Information: International Criminal Tribunal for Rwanda: www.ictr.org.

Walk with the Masai

Godwin Longino Lukumay stops at various spots in the bush near Tanzania’s Tarangire National Park. This sharp green plant cures chicken pox, he says. That conifer tree sap fixes wounds. The little red apple cures stomachache. Zebra dung helps start fires. Elephant dung fire smoke cures headaches.

Lukumay is a Masai, making him part of the famous warrior tribe plentiful in northern Tanzania and southern Kenya. The pastoral, cattle-keeping people have lived here for thousands of years in their famous round mud huts with thatched roofs. The most famous safari lands - the Serengeti, Masai Mara, Ngorongoro Crater - are also traditional Masai homelands.

We walk, with him holding his spear, his red blankets around his shoulders, alert. He points to something on the ground.

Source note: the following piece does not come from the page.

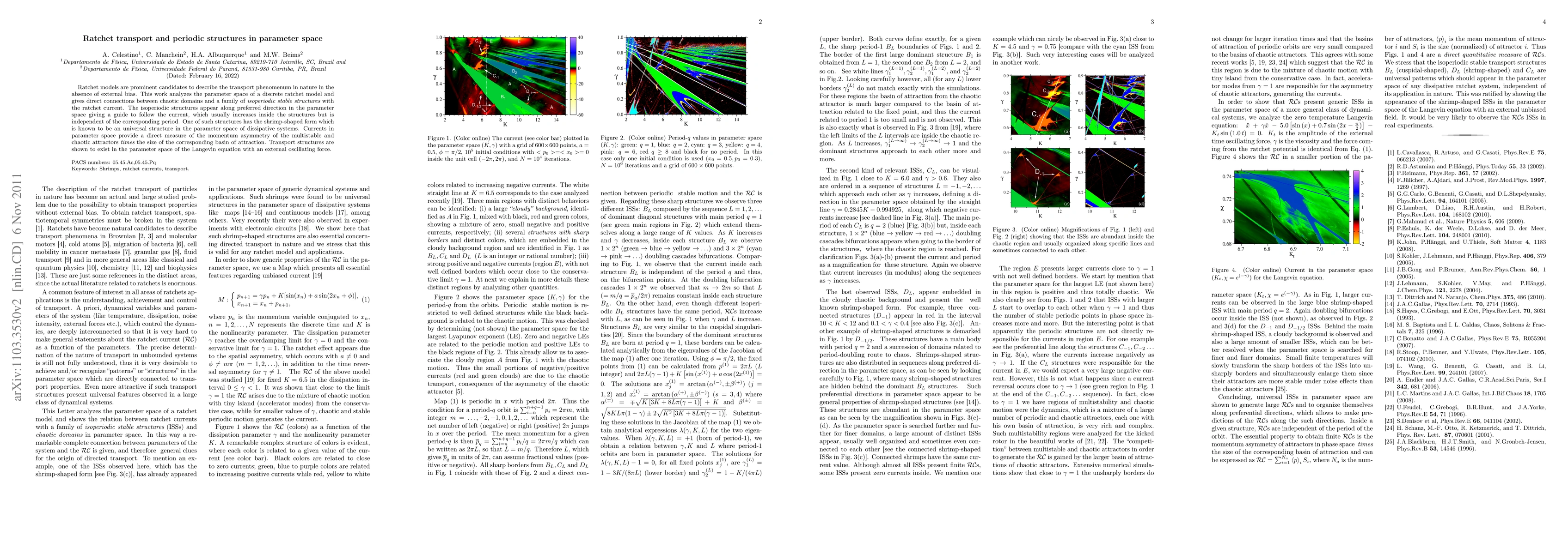 This paper explores the parameter space of a discrete ratchet model, revealing connections between chaotic domains and isoperiodic stable structures that guide the ratchet current. These structures, including a universal shrimp-shaped form, indicate momentum asymmetry in multistable and chaotic attractors, and transport structures are also found in the parameter space of the Langevin equation with an external oscillating force.

“Elephant,” he says, pointing to a faint round track with small marks inside the print.

I look around, worried, but don’t see any sign of tusk or trunk.

Despite the slight risk of running into an elephant, this short walking safari is a welcome chance to stretch my legs. One major drawback to safaris? You are always in the car. That’s for safety, because of course you don’t want to run into a lion or elephant on foot. But six hours of riding can also make you stiff.

Now, it feels good to walk. It feels good to smell the slight wood-smoky scent in the air. It feels good to rub my hand over the rough bark of the baobab tree. And Lukumay knows this region like it’s home - because it is.

We come to his village. There, the children are herding the goats home. Children herd goats alone by age 7, he says, and herd the cattle far and wide by age 12, with not an anxious parent hovering.

The sun starts to set in a big round ball behind a baobab tree. We walk. The plants all look like scrub to me, but Lukumay knows the use for every single one. I think we are lost, but soon we come back exactly to where we began.

Information: Many resorts in East Africa will help set up a “walking with the Masai” tour. My one-hour walk was arranged through Tarangire River Camp and cost about $12 plus tip. Ask your tour operator about walking tours or safaris.